→ Source data:
▬▬▬▬▬▬▬▬▬▬
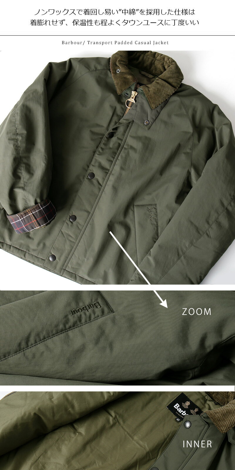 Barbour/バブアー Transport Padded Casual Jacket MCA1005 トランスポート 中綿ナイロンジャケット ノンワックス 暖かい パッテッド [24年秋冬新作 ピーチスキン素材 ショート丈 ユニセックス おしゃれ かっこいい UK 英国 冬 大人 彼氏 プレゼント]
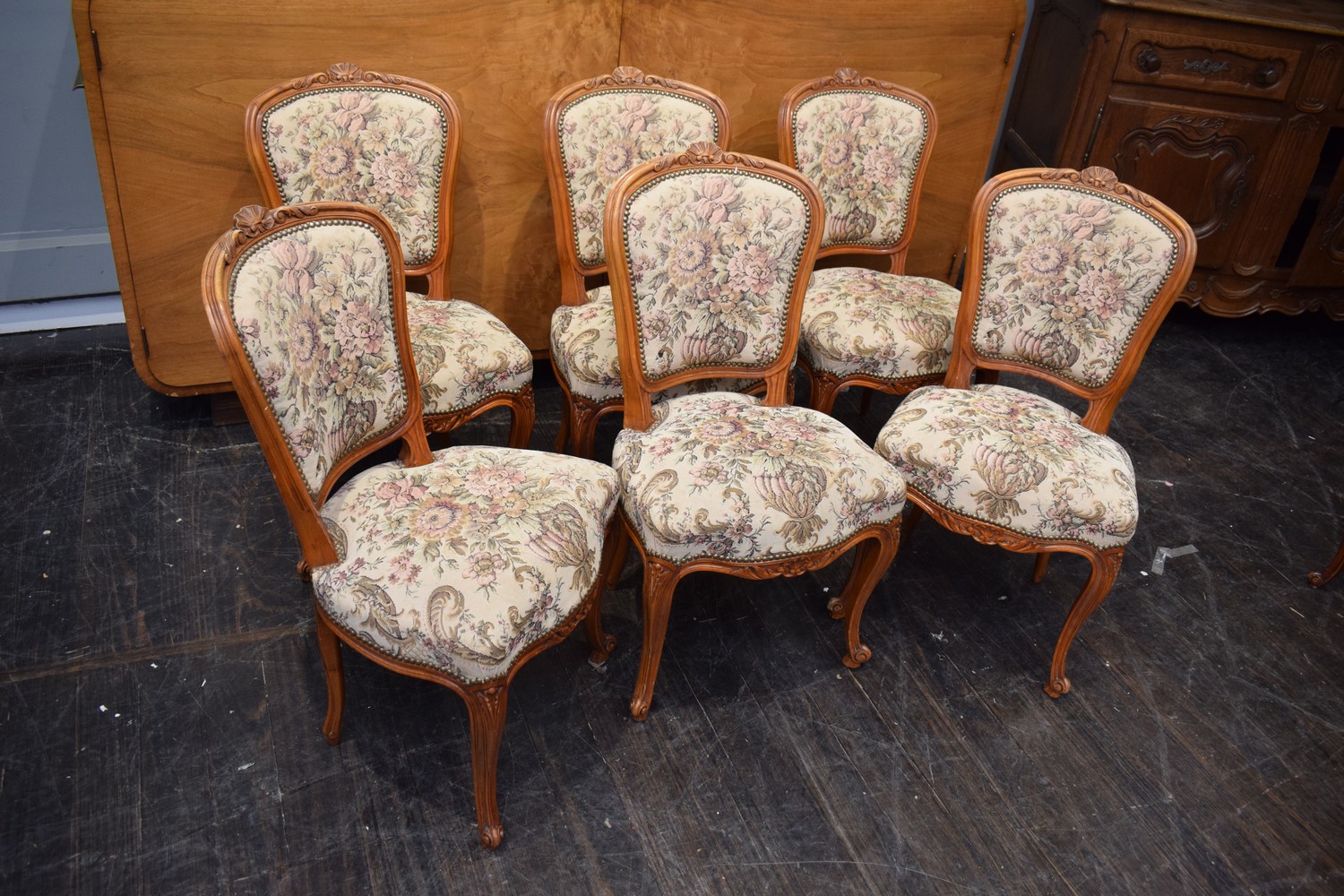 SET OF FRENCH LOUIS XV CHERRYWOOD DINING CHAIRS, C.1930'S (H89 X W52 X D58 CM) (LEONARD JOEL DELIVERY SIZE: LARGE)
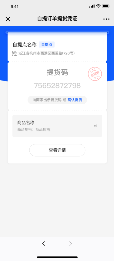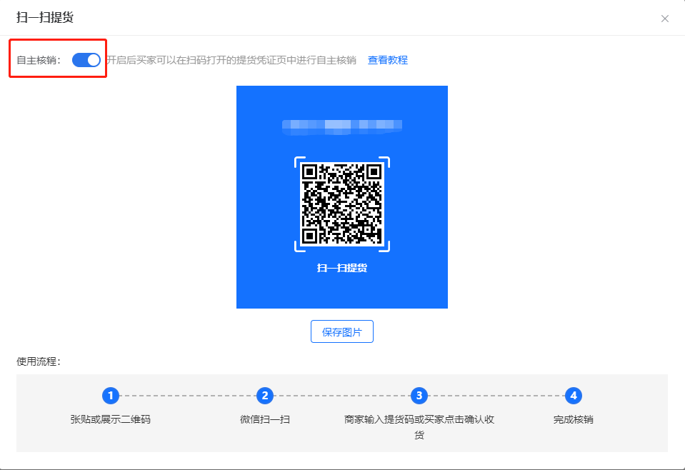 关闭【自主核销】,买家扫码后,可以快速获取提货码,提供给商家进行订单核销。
▬▬▬▬▬▬▬▬▬▬
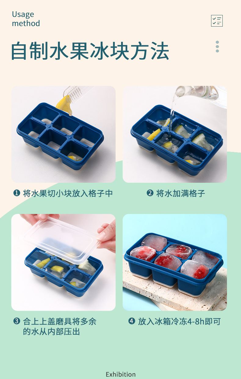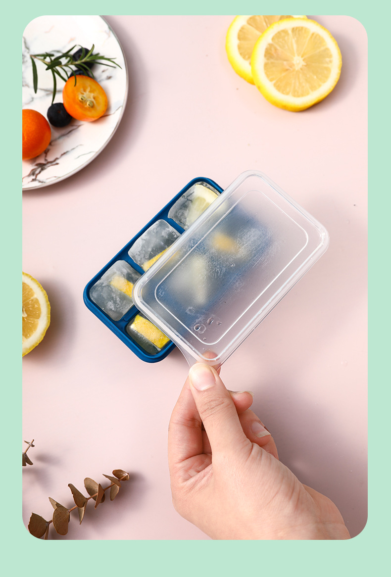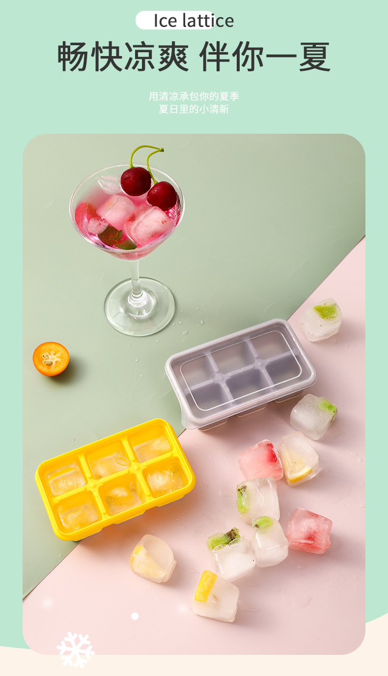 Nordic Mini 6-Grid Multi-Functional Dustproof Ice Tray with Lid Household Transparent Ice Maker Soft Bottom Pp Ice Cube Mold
▬▬▬▬▬▬▬▬▬▬
→ What is required: Your answer must be everything above from the line with "SET OF FRENCH" down to the line with "关闭【自主核销】,买家扫码后,可以快速获取提货码,提供给商家进行订单核销。", word for word, and no pictures.

→ Final answer:
 SET OF FRENCH LOUIS XV CHERRYWOOD DINING CHAIRS, C.1930'S (H89 X W52 X D58 CM) (LEONARD JOEL DELIVERY SIZE: LARGE)
 关闭【自主核销】,买家扫码后,可以快速获取提货码,提供给商家进行订单核销。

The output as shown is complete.